Without the images, print every line of the material below exactly as given.

____ Supplied data

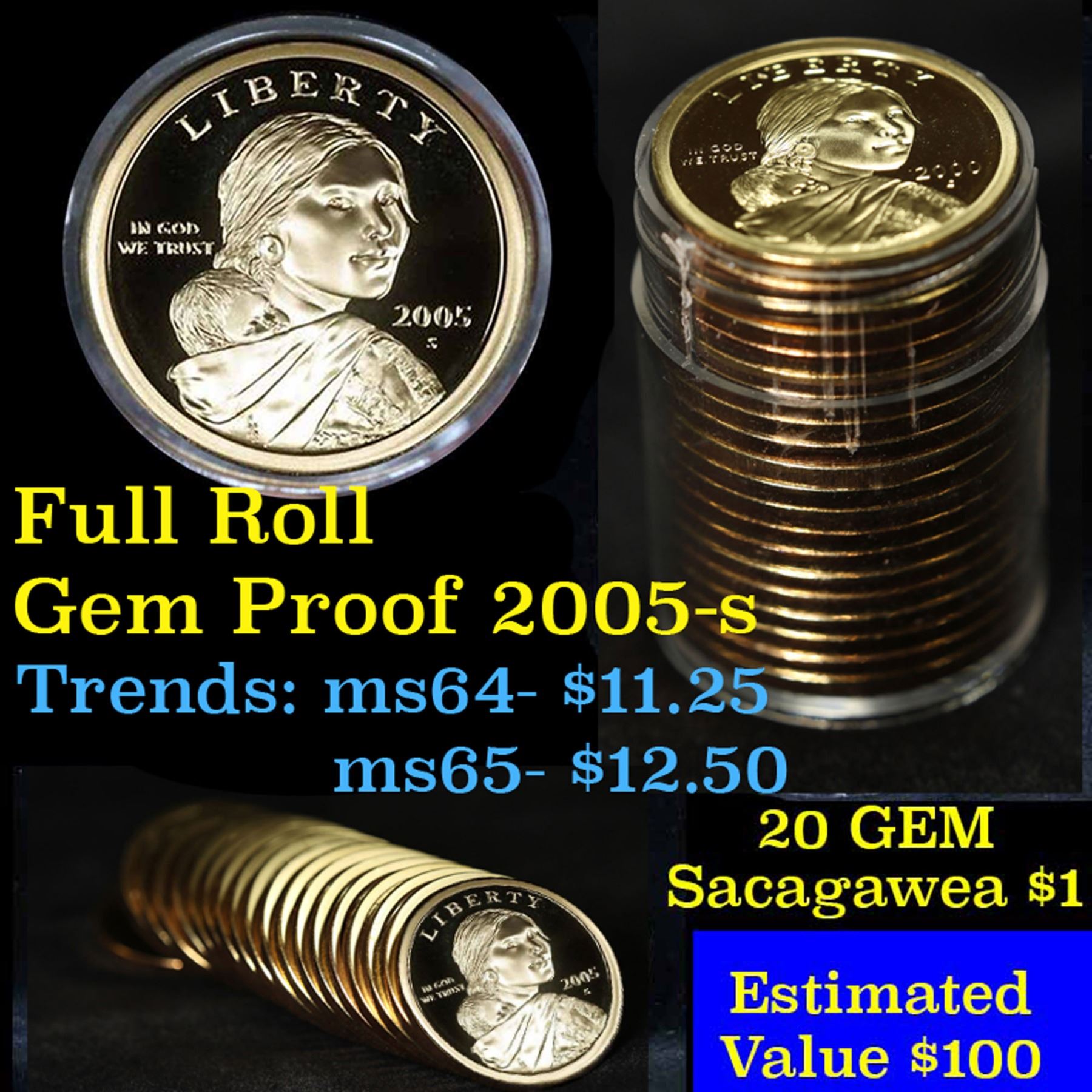 Proof 2004-s Sacagawea dollar roll $1, 20 pieces. Beautiful proof roll. All 20 coins are deep cameo. All pristine Gem+ coins. Pr65 DCAM trends $12.50/coin, $250
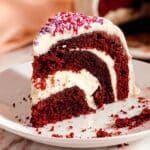 Keywords: Red Velvet Cake, Bundt Cake, Cream Cheese Swirl, Dessert, Cake with Glaze, Celebration Cake
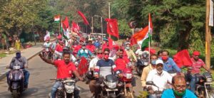 kharagpur, kharagpur town left front & congress demonstrated a bike rally on sunday to support 26th november national strike all over country .It started from IIT petrol pump along with 500 bikes.The rally covered a large area of the town like Bogda Kaushalya Puratanbajar Jhapetapur Inda Traffic Golebajar Kharida Malancha Nimpura, New settlement Cme gate etc.The demands of the strike stop to privatize Rly Bank Defence Coal sector,To witdraw anti workers labour codes , Free ration for all,scrap anti farm bill 2020 etc.
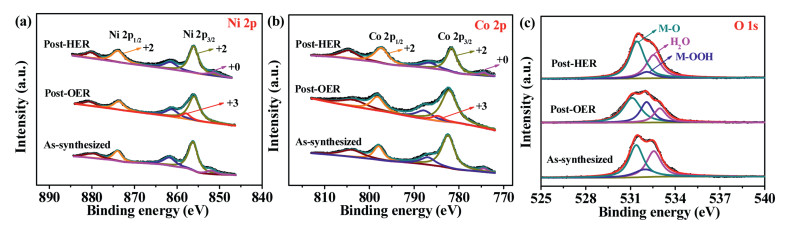 | Fig. 4. XPS spectra of the as-synthesized, post-HER and post-OER samples. (a) Ni 2p, (b) Co 2p, (c) O 1s. | |
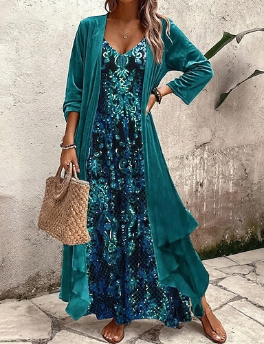 Per donna Abito maxi Vestito Casual Set di vestiti Abito Floreale Abito Sottoveste Elegante Moda Moderno All'aperto Vacanza Uscire Vestibilità regolare Floreale Manica Lunga Scollo a V Blu Estate
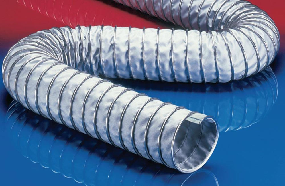 Konstruktion: 1. Klemmprofil-Stützwendel: komplett Edelstahl (INOX), 2. zweilagige Wandung, Wandung: innen und außen mit Edelstahldrähten armiertes und spezialbeschichtetes Glasgewebe
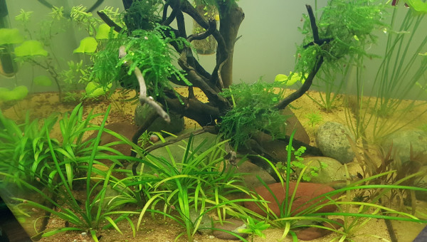 Je rencontre des difficultés avec la weeping moss. Au début c'était sympa puis au fur et à mesure des mois ça devient n'importe quoi... j'en viens à la détester et à avoir envie de la retirer... J'ai beau eu la coller ou la ficeler bon nombre de fois, impossible de la faire tenir sur les racines, elle ne s'accroche pas d'elle même, ça tombe sans arrêt et s'eparpille partout dans le bac, ça fait dégueulasse et c'est difficile a retirer vu qu'elle va s'entremêler aux sagittarias. Au final, au bout d'un peu plus d'un an, obligée de faire une pseudo boule que je cale dans les branches et en plus de se casser la gueule sans arrêt, c'est très moche.

________

:: Answer below ::
 Proof 2004-s Sacagawea dollar roll $1, 20 pieces. Beautiful proof roll. All 20 coins are deep cameo. All pristine Gem+ coins. Pr65 DCAM trends $12.50/coin, $250
 Keywords: Red Velvet Cake, Bundt Cake, Cream Cheese Swirl, Dessert, Cake with Glaze, Celebration Cake
 kharagpur, kharagpur town left front & congress demonstrated a bike rally on sunday to support 26th november national strike all over country .It started from IIT petrol pump along with 500 bikes.The rally covered a large area of the town like Bogda Kaushalya Puratanbajar Jhapetapur Inda Traffic Golebajar Kharida Malancha Nimpura, New settlement Cme gate etc.The demands of the strike stop to privatize Rly Bank Defence Coal sector,To witdraw anti workers labour codes , Free ration for all,scrap anti farm bill 2020 etc.
 | Fig. 4. XPS spectra of the as-synthesized, post-HER and post-OER samples. (a) Ni 2p, (b) Co 2p, (c) O 1s. | |
 Per donna Abito maxi Vestito Casual Set di vestiti Abito Floreale Abito Sottoveste Elegante Moda Moderno All'aperto Vacanza Uscire Vestibilità regolare Floreale Manica Lunga Scollo a V Blu Estate
 Konstruktion: 1. Klemmprofil-Stützwendel: komplett Edelstahl (INOX), 2. zweilagige Wandung, Wandung: innen und außen mit Edelstahldrähten armiertes und spezialbeschichtetes Glasgewebe
 Je rencontre des difficultés avec la weeping moss. Au début c'était sympa puis au fur et à mesure des mois ça devient n'importe quoi... j'en viens à la détester et à avoir envie de la retirer... J'ai beau eu la coller ou la ficeler bon nombre de fois, impossible de la faire tenir sur les racines, elle ne s'accroche pas d'elle même, ça tombe sans arrêt et s'eparpille partout dans le bac, ça fait dégueulasse et c'est difficile a retirer vu qu'elle va s'entremêler aux sagittarias. Au final, au bout d'un peu plus d'un an, obligée de faire une pseudo boule que je cale dans les branches et en plus de se casser la gueule sans arrêt, c'est très moche.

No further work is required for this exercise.